(Stored items)
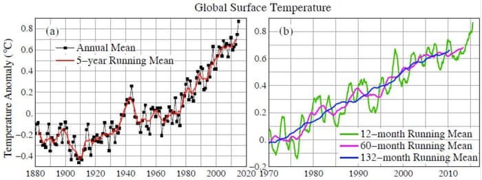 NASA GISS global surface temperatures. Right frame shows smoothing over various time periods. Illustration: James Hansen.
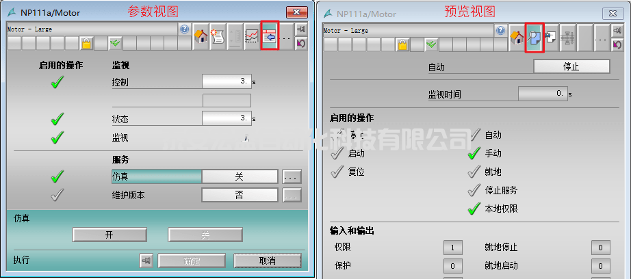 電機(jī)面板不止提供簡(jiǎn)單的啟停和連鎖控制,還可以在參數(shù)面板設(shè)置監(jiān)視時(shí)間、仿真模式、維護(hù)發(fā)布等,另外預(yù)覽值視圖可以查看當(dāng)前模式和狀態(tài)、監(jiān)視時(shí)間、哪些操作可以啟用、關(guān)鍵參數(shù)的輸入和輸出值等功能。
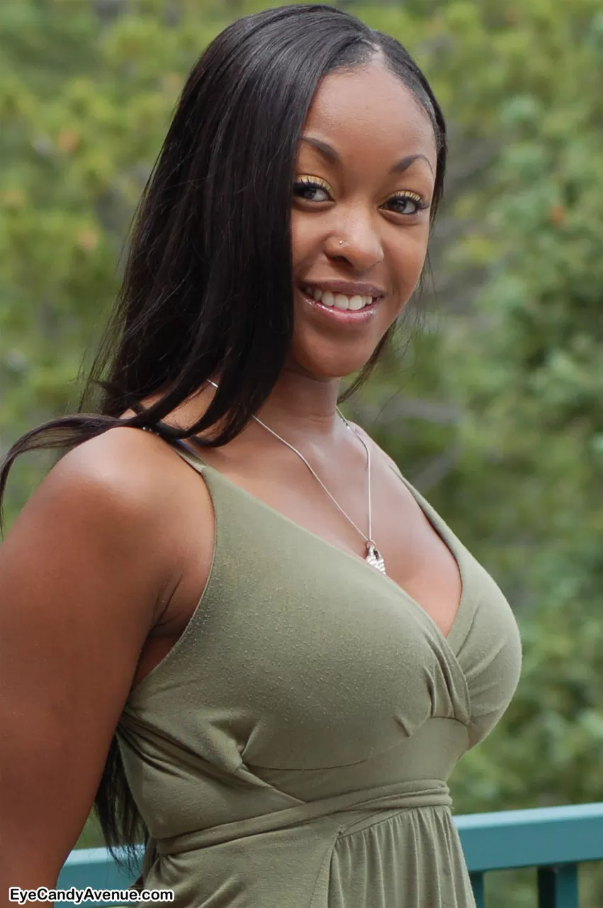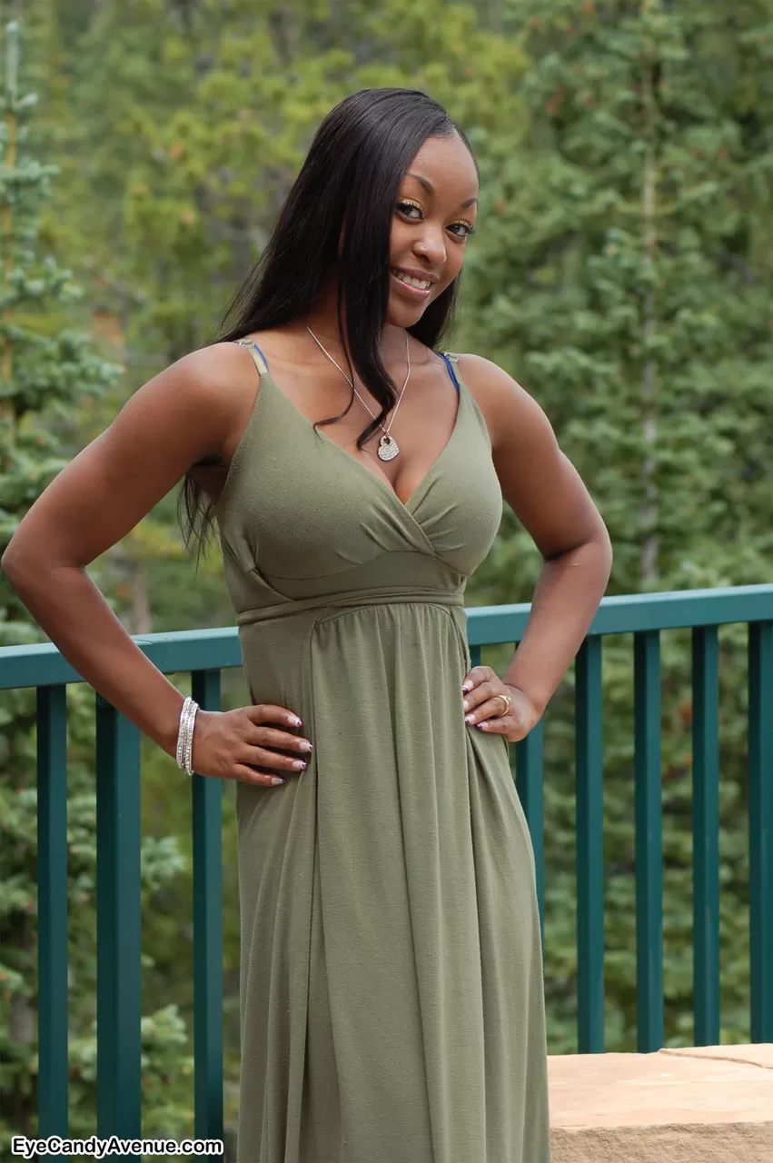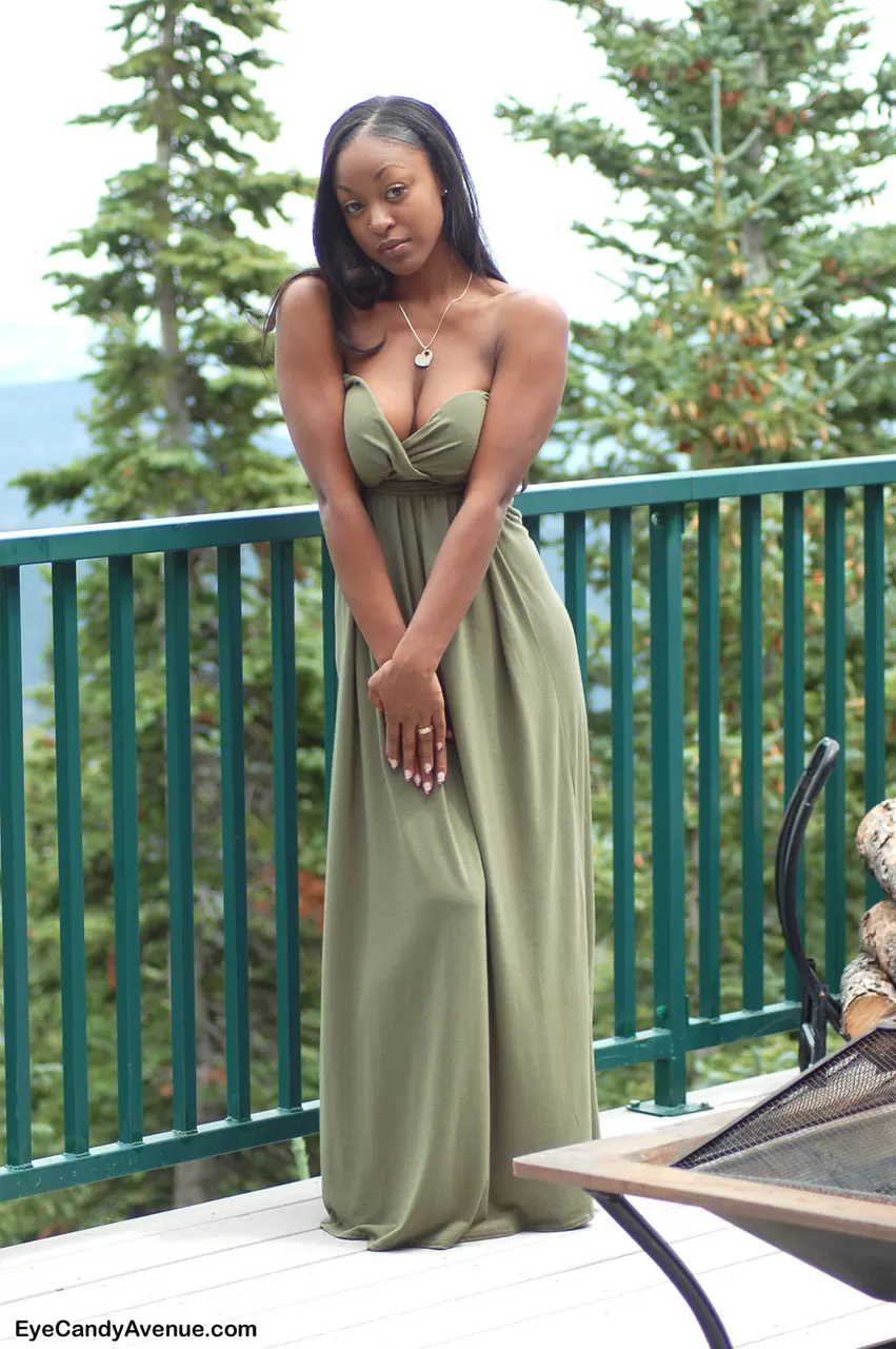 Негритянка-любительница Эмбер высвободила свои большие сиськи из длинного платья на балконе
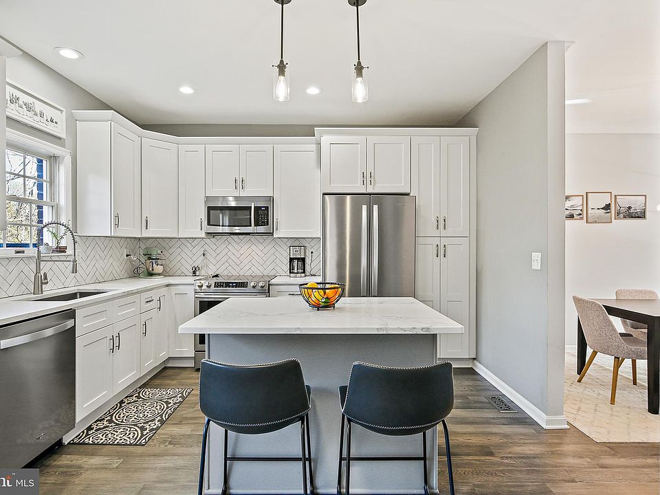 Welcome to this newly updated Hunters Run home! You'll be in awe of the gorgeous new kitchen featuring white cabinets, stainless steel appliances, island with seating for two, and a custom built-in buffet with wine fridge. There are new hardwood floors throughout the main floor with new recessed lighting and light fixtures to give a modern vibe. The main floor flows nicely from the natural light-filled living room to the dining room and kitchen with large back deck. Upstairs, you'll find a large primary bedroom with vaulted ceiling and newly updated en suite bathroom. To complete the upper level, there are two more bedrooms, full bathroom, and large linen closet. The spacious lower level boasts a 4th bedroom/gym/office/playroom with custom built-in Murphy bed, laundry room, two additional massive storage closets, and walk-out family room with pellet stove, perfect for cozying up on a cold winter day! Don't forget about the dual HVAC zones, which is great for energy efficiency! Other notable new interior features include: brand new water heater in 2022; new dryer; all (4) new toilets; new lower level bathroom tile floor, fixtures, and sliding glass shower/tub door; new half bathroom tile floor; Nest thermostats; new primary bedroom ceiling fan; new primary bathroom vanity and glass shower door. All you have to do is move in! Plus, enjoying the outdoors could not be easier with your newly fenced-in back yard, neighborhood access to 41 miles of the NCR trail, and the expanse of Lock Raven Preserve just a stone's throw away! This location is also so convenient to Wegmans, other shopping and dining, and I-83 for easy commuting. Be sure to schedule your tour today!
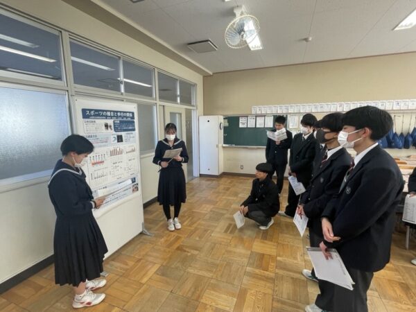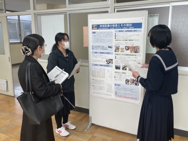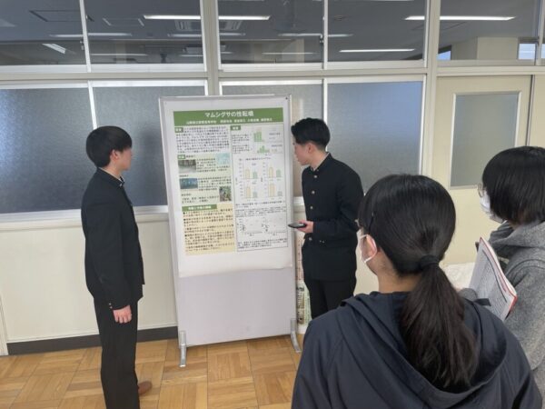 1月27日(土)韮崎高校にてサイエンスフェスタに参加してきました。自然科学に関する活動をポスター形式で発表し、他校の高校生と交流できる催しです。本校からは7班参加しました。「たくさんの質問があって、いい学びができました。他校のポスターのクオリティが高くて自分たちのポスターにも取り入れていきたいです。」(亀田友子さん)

■ HOW TO COMPLETE THIS TASK
For this exercise, transcribe exactly the part of the records above that opens with the line containing "電機(jī)面板不止提供簡(jiǎn)單" and closes with the one containing "Негритянка-любительница Эмбер высвободила". Pictures are not part of the copy.

■ YOUR RESPONSE
 電機(jī)面板不止提供簡(jiǎn)單的啟停和連鎖控制,還可以在參數(shù)面板設(shè)置監(jiān)視時(shí)間、仿真模式、維護(hù)發(fā)布等,另外預(yù)覽值視圖可以查看當(dāng)前模式和狀態(tài)、監(jiān)視時(shí)間、哪些操作可以啟用、關(guān)鍵參數(shù)的輸入和輸出值等功能。
 Негритянка-любительница Эмбер высвободила свои большие сиськи из длинного платья на балконе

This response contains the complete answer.